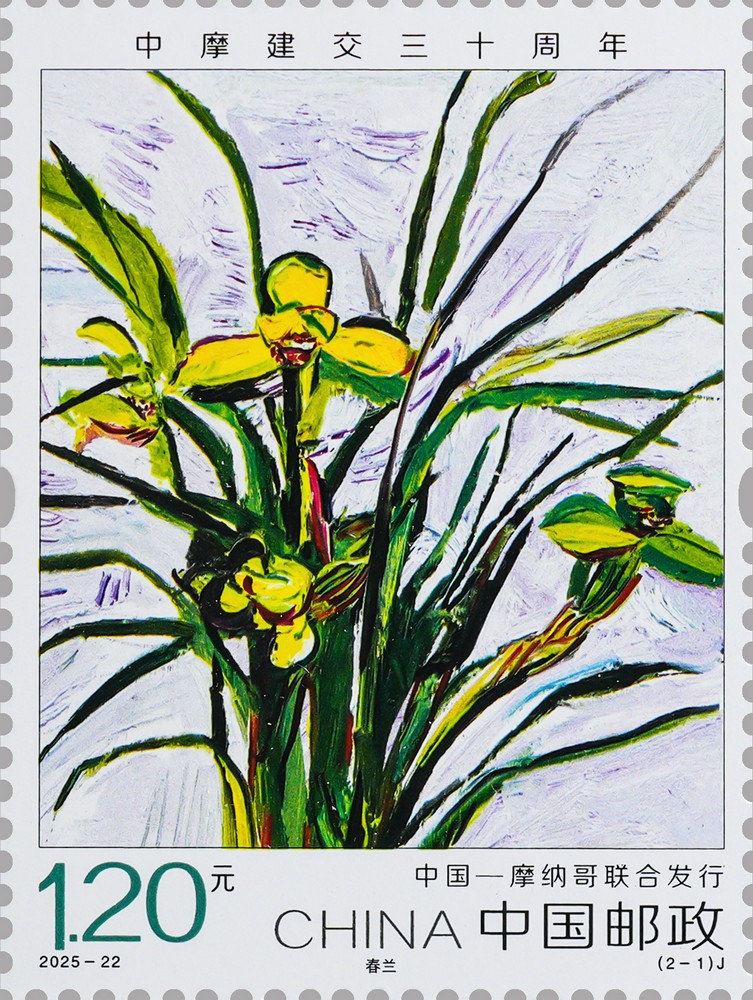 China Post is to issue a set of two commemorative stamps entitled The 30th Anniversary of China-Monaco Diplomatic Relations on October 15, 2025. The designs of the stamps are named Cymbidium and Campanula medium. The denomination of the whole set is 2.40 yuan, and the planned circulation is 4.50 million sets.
····················
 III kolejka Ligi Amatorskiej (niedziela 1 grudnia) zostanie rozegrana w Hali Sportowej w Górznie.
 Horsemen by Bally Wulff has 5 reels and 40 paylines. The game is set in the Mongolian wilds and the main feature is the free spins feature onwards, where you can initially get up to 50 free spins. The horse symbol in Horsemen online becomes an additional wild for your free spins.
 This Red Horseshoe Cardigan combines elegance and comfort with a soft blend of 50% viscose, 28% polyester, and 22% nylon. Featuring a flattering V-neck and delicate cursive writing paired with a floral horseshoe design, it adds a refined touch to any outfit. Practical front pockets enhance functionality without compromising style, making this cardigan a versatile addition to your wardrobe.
····················
» What the task requires
What is needed is an exact copy of the lines above, from the one containing "III kolejka Ligi" through the one containing "This Red Horseshoe", with nothing added.

» Solved exercise
 III kolejka Ligi Amatorskiej (niedziela 1 grudnia) zostanie rozegrana w Hali Sportowej w Górznie.
 Horsemen by Bally Wulff has 5 reels and 40 paylines. The game is set in the Mongolian wilds and the main feature is the free spins feature onwards, where you can initially get up to 50 free spins. The horse symbol in Horsemen online becomes an additional wild for your free spins.
 This Red Horseshoe Cardigan combines elegance and comfort with a soft blend of 50% viscose, 28% polyester, and 22% nylon. Featuring a flattering V-neck and delicate cursive writing paired with a floral horseshoe design, it adds a refined touch to any outfit. Practical front pockets enhance functionality without compromising style, making this cardigan a versatile addition to your wardrobe.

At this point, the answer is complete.